Scientists from MIT CSAIL and Harvard’s Wyss Institute have made a development in soft robotics by pairing the flexible inventions with stiff origami skeletons, giving them powerful strength.
Soft robotics has been an interesting and promising field of study in recent years, but the materials generally used for them has left them lacking in strength, The Verge reports.
The researchers describe how they have crafted a new kind of soft artificial muscle that can be used in soft robots. The muscles are made up of aa sealed bag containing air of fluid, with an internal origami structure that folds and functions like a skeleton.
When the pressure in the bag is educed via an electric pump, the entire skeletal structure collapses and contracts, similar to how muscles in the arms and legs work. These artificial muscles are now stronger than human ones, able to lift an astounding 1,000 times their weight.
Daniela Rus, CSAIL director and lead author of the paper, said,
Soft robots have so much potential, but up until now, one of the limitations has been payloads. [They’re] very safe, very gentle, but not good for lifting heavy objects. This new approach allows us to make strong and soft robots.
This new development has multiple potential uses, particularly in warehouse and logistics operations, where the artificial muscles can handle breakable and delicate items safely. They are also very useful for picking up irregularly-sized objects, which has been such a challenge that Amazon holds a yearly contest in an attempt to solve the problem.
Soft robots can just reach out and grab an unusually-shaped item with a deformable gripper that can mold around the object, such as how human hands work. The origami skeleton would allow soft robots to handle heavier objects while still being able to pick them up easily.
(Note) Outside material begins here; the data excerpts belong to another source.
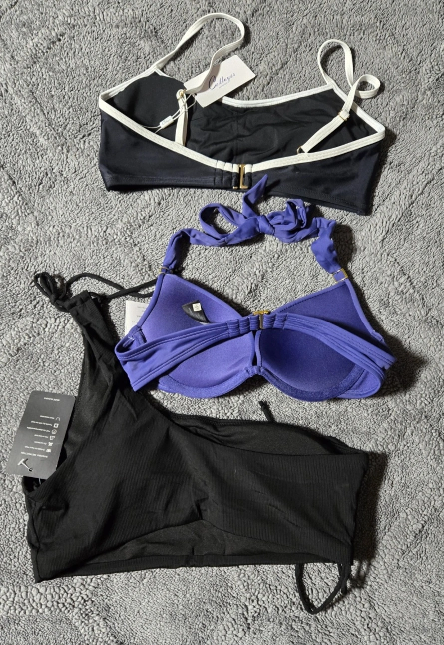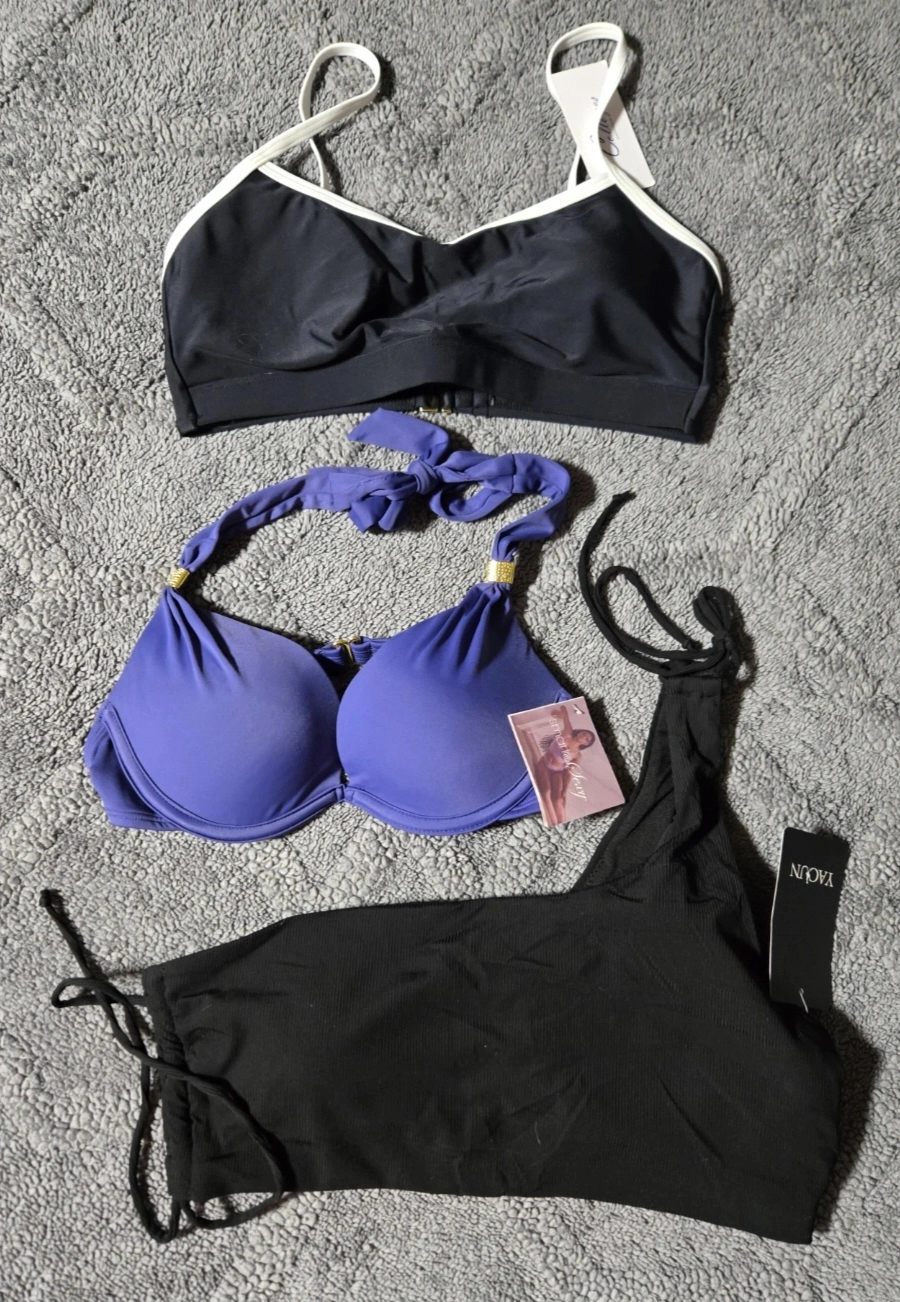 Three women's bikinis. One black bikini top and bottom. One purple halter bikini top and black bottom. All appear new with tags.One for $5, all three for $10
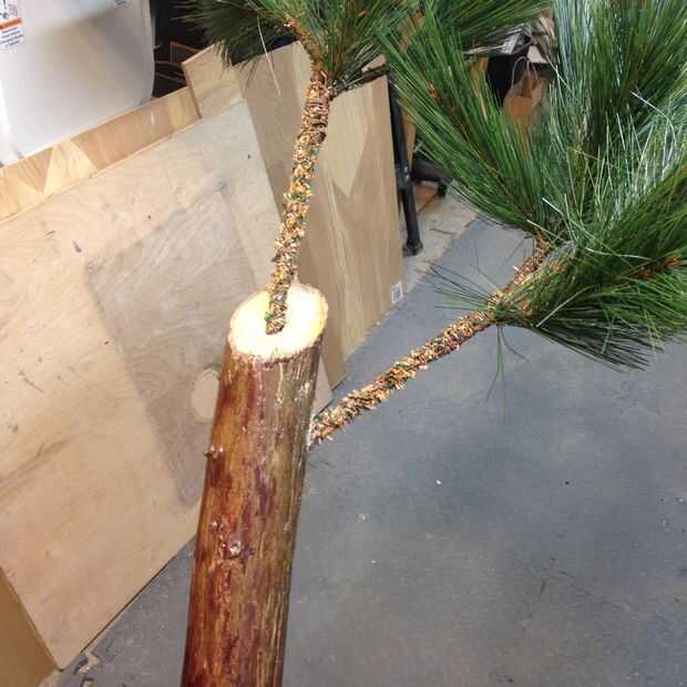 Perforaciones hacia abajo-que se inclina en su tronco. Sumergir una rama artificial de cemento de goma (para adherir y sellar el agujero) e inserte. Curva, transmitido la rama en una forma estéticamente agradable.
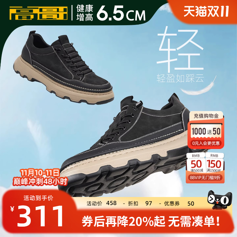 高哥增高休闲鞋轻便百搭帆布鞋男款2025新款男鞋秋季一脚蹬懒人鞋
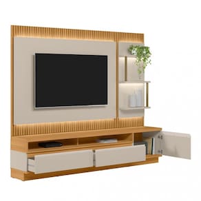 A Estante Home Ripada para TV até 70 Polegadas com LED 1 Porta 2 Gavetas Linea Brasil é projetado para acomodar TVs de até 70 polegadas. Equipado com duas gavetas e uma Porta com puxadores cava em alumínio, oferece amplo espaço de armazenamento. Além disso, possui três prateleiras para exibir objetos decorativos, duas das quais estão equipadas com iluminação em LED. O Painel em ripado e o Painel suspenso com iluminação em LED adicionam um toque de modernidade ao conjunto. O módulo lateral pode ser montado tanto no lado direito quanto no esquerdo do móvel, proporcionando flexibilidade na disposição do ambiente.
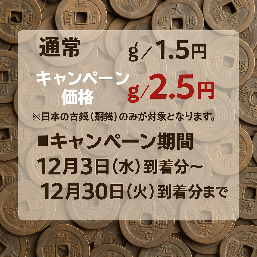 東京都豊島区に本社を置く株式会社クロスワンは、リユース事業部で古銭(銅銭)の買取価格を通常の1gあたり1.5円から1gあたり2.5円へと約67%引き上げるキャンペーンを実施しています。対象は日本の銅製古銭のみで、寛永通宝など広く出回った銅銭も含まれます。
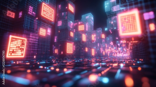 Fototapeta premium A futuristic cityscape with glowing neon grids and digital elements.
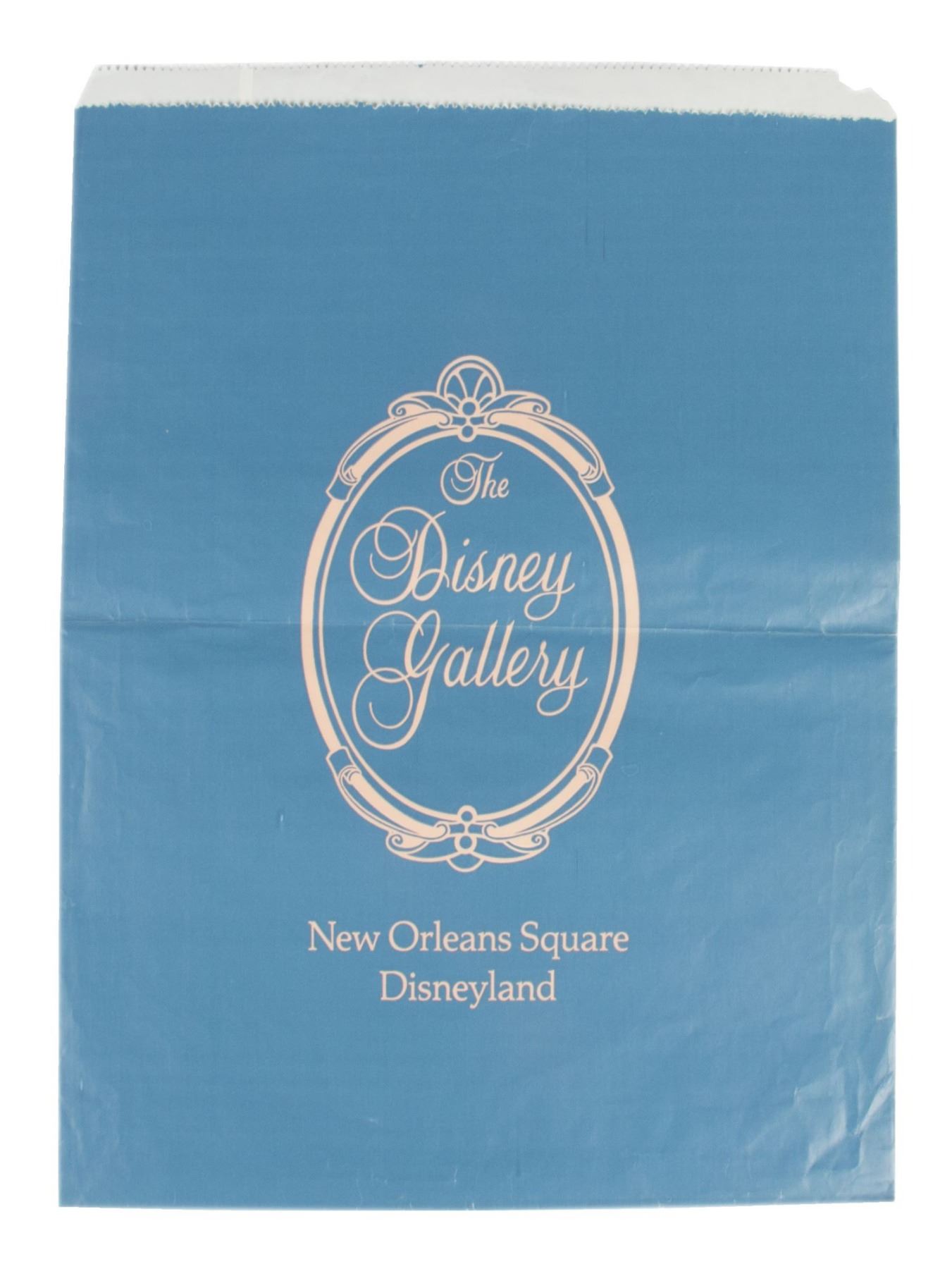 (Disneyland, c.1987) An elegant shopping bag from Disneyland's "The Disney Gallery". This style of shopping bag was used during the very beginning years of the Gallery, and features the original logo for the Gallery on both sides. The bag reads "The Disney Gallery - New Orleans Square - Disneyland". Measuring 15.5"x11.5", the bag is in good condition with some edge-wear from use and a horizontal fold through the center.
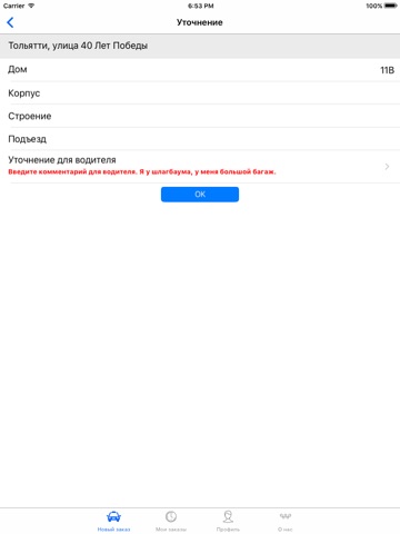Приложение работает быстро, заказ такси оформляется в несколько кликов.
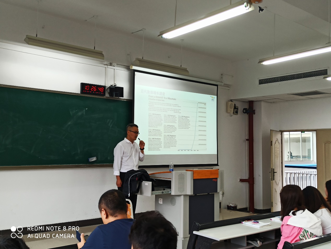 109日上午1020分,来自两江新区产业研究院的何入海老师(高工)在管理学院的盛情邀请下,走进了2017级信息管理与信息系统专业《IT项目管理》的课堂中,为同学们讲解数据产业的未来发展。
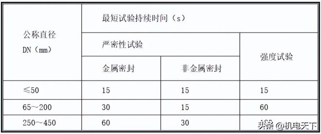 阀门的强度试验压力为公称压力的1.5倍;严密性试验压力为公称压力的1.1倍;试验压力在试验持续时间内应保持不变,且壳体填料及阀瓣密封面无渗漏。阀门试压的试验持续时间应不小于下表要求:
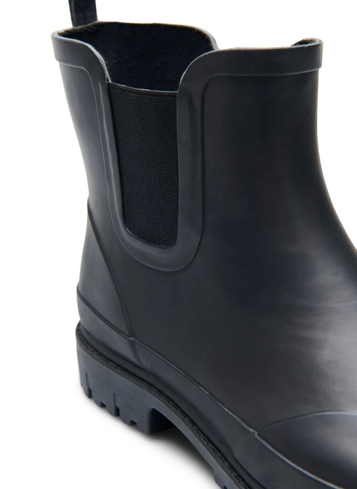 Short rubber boot with a wide fit that has elastic on both sides to ensure the best fit.
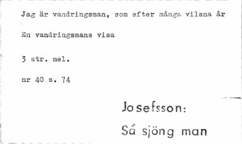 //// Jag är vandringsman, som efter många vilsna år Sn vandringsmans visa //// 3 str. mel. nr 40 s. 74 //// Jo sefsson: Sa sjöng man ////

There are some setbacks, however. The new muscles are not as easily controlled or reprogrammable as other robot types, and the direction they ca move in would be based on their inner structure. Rus said, “You compose distinct movement patterns inside the skeleton that define how the system as a whole moves.”
The researchers’ next step is to build a soft robot elephant trunk ““as flexible and powerful.”
The study was published in PNAS.